Unlike computer software and communications technology companies, the pharmaceutical and biotech industries have not been as vulnerable to infringement lawsuits. That’s because pharma and biotech patents are not as broad, and they require more time and expertise to develop, legal analysts say.

Hans Sauer, deputy general counsel for intellectual property for the Biotechnology Industry Organization (BIO), says he hasn’t heard many complaints from the trade association’s 1,100 member companies about patent trolling.

“One larger member, a drug company, was targeted for allegedly infringing a patent by using a certain computer program in benefits administration for their employees. But it had nothing to do with their pharmaceutical business,” he tells C&EN.

The pharma and biotech sector and a coalition of academic organizations say they support the goal of cracking down on abusive litigation tactics in patent infringement lawsuits. But they argue that H.R. 3309 is overly broad and would create unintended problems for innovators who rely on the patent system to fund and protect their inventions.

Essentially, they are concerned that the legislation does not sufficiently distinguish patent trolls from businesses seeking to protect their legitimate intellectual property. “The legislation would erect many barriers in the hope of stopping patent trolls. But everybody else will have to get over these barriers too,” Sauer says. “That’s the problem.”

Small start-ups, he explains, must be able to defend their businesses against patent infringement in a timely and cost-effective manner and without needless and numerous procedural hurdles or other obstacles.

“If you are a small biotech business, you want a law to protect you from unfair patent assertions,” Sauer observes. “But it must allow you to legitimately enforce your own patents if you have to. That’s the balance you want.”

Universities, which develop and license patents but do not commercialize products, worry that the bill would curtail their ability to make money from research. In a joint statement, the Association of American Universities and five other higher education groups say they will likely get caught up in the all-encompassing, fee-shifting provision and other sweeping language in the legislation.

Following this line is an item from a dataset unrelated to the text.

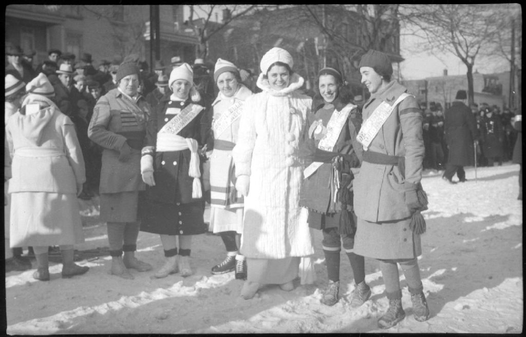 Lors d'une rencontre de raquetteurs au Parc Lafontaine à Montréal, nous voyons la reine des raquetteurs, vêtue d'un manteau de fourrure, entourée de quatre autres candidates en costume portant en bandouillère l'inscription «Demoiselle d'honneur»

The requirements would pose a “substantial disincentive for universities and start-ups to enforce patents on new technologies and innovations, which undermines the goal of the patent system,” the associations say.

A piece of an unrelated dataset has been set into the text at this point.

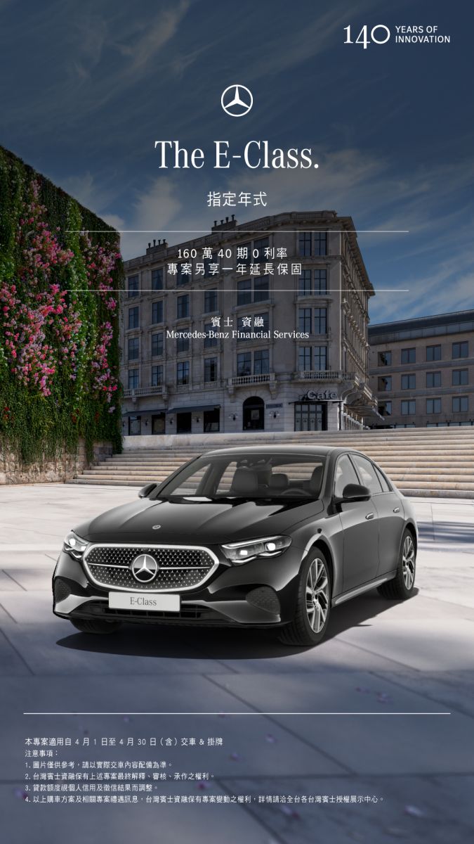 「從容之上,自有境界」 The E-Class 指定年式 享 160 萬/40 期 0 利率優惠方案

In response to the criticism, Goodlatte says legitimate patent holders have nothing to fear from his bill because it would not prevent the assertion of valid patents. “The bill doesn’t devalue patent rights. It pushes for legal reform measures and strengthens the patent system,” he remarks. The term “patent troll,” he adds, refers to a behavior.

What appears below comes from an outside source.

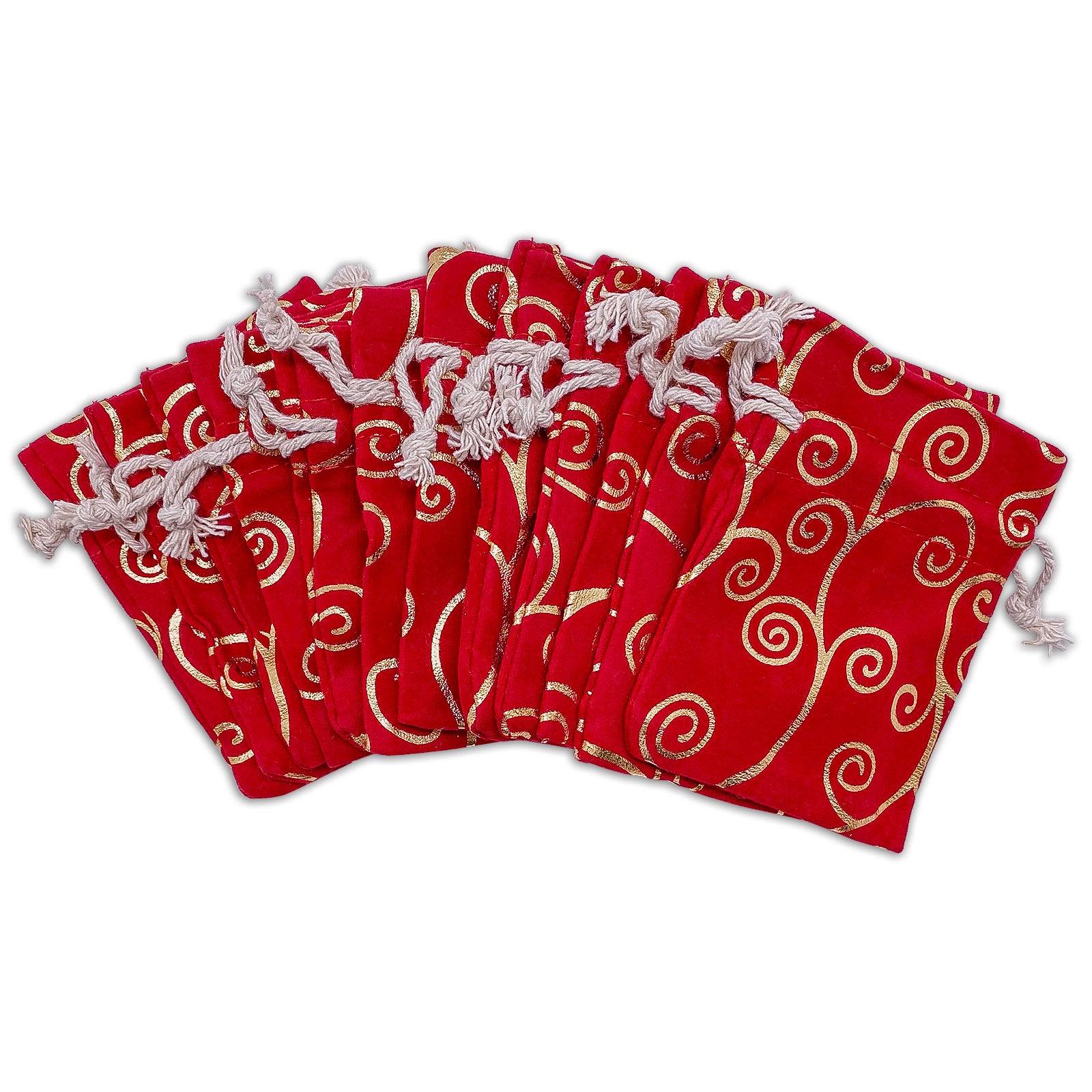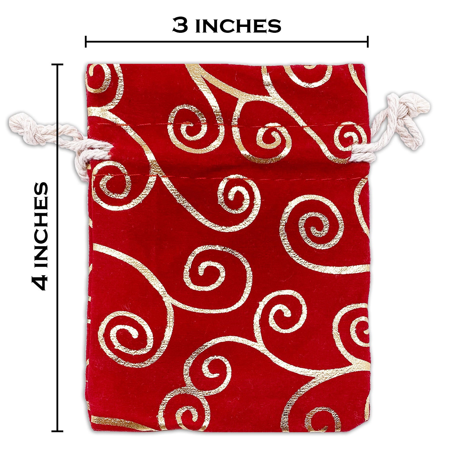 3" x 4" Red Velvet Gold Swirl Christmas Drawstring Gift Bags

Lobbyists have now turned their attention to the Senate, where the debate over patent litigation reform is just beginning. PhRMA “looks forward to working with the Senate on targeted reforms to curb abusive patent litigation while maintaining incentives for biomedical innovation,” Bennett says.

At a Judiciary Committee hearing on Dec. 17, 2013, senators appeared to be far apart over the best approach to the issue. Several called for more study before voting on any bill. And eight of the 18 committee members are sponsoring or cosponsoring various bills aimed at curbing frivolous patent infringement lawsuits.

“I am wary of overkill,” said Sen. Richard Blumenthal (D-Conn.). “I’m wary of the unintended consequences of limiting patent rights without knowing what the end result will be. We have an important obligation that we first do no harm.”

Before taking any action, the committee should hold additional hearings to gain a better understanding of the patent litigation landscape, Sen. Dianne Feinstein (D-Calif.) said. “This is such a difficult, complicated arena.”